Wed Jun 3, 2009 1:07pm EDT
By Claudia Parsons

UNITED NATIONS, June 3 (Reuters) - Small Pacific islands vulnerable to rising sea levels won a symbolic victory at the United Nations on Wednesday with the passage of a resolution recognizing climate change as a possible threat to security.

The non-binding resolution, passed by consensus by the General Assembly, may help put climate change on the agenda of the more powerful U.N. Security Council, which deals with threats to international peace and security.

General Assembly resolutions are largely symbolic but can carry moral weight. Several representatives said this one was important as the first to explicitly link climate change to security -- a principle previously resisted by powerful Security Council members including Russia and China, who questioned whether the issue belonged in the Security Council.

"We are of the firm view that the adverse impacts of climate change have very real implications for international peace and security," Nauru Ambassador Marlene Moses told the General Assembly, speaking on behalf of the Pacific Small Island Developing States which introduced the resolution.

Moses said small islands were already experiencing the "dire and immediate impacts" of climate change, including the inundation of coastal areas, the submergence of islands, loss of freshwater supplies, flooding, drought, damaged crops and increased disease.

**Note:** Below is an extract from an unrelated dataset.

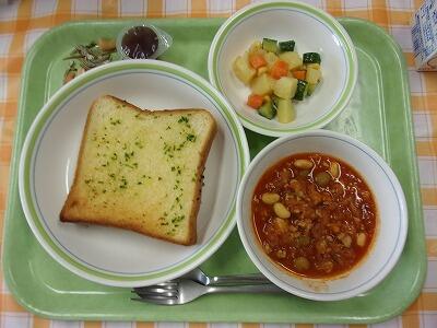 牛乳 ガーリックトースト チリコンカン マセドアンサラダ ひとくちぶどうゼリー カシューナッツ小魚
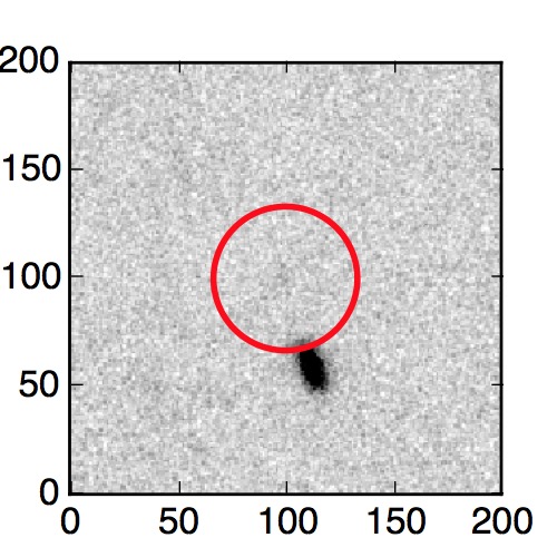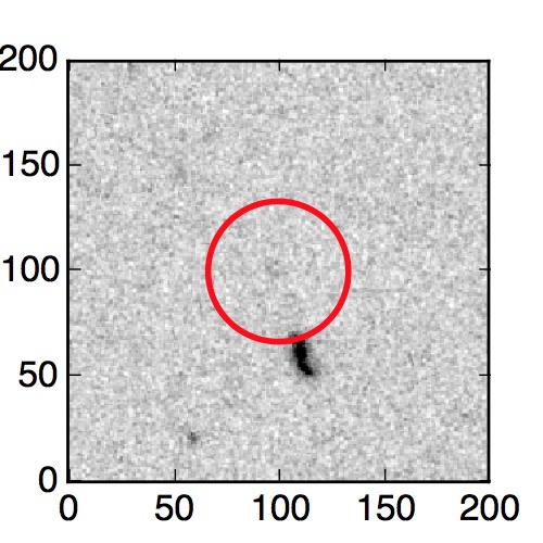 The red circle in the various panels is 1" in radius. The images are 6"x6".

The resolution said the 192-member General Assembly was "deeply concerned that the adverse impacts of climate change, including sea-level rise, could have security implications."

It invited all relevant U.N. bodies to intensify efforts to address climate change and asked Secretary General Ban Ki-moon to submit a report on possible security implications.

Agreed after months of bargaining, the resolution was passed as climate change negotiators from 181 governments meet in Bonn, Germany for talks on a new U.N. climate treaty due to be agreed in Copenhagen in December.

Governments face six months of tough negotiations on a draft text they have accepted as a starting point for talks on a treaty to curb the use of fossil fuels and widen the fight against climate change beyond the existing Kyoto Protocol. (Edited by Alan Elsner)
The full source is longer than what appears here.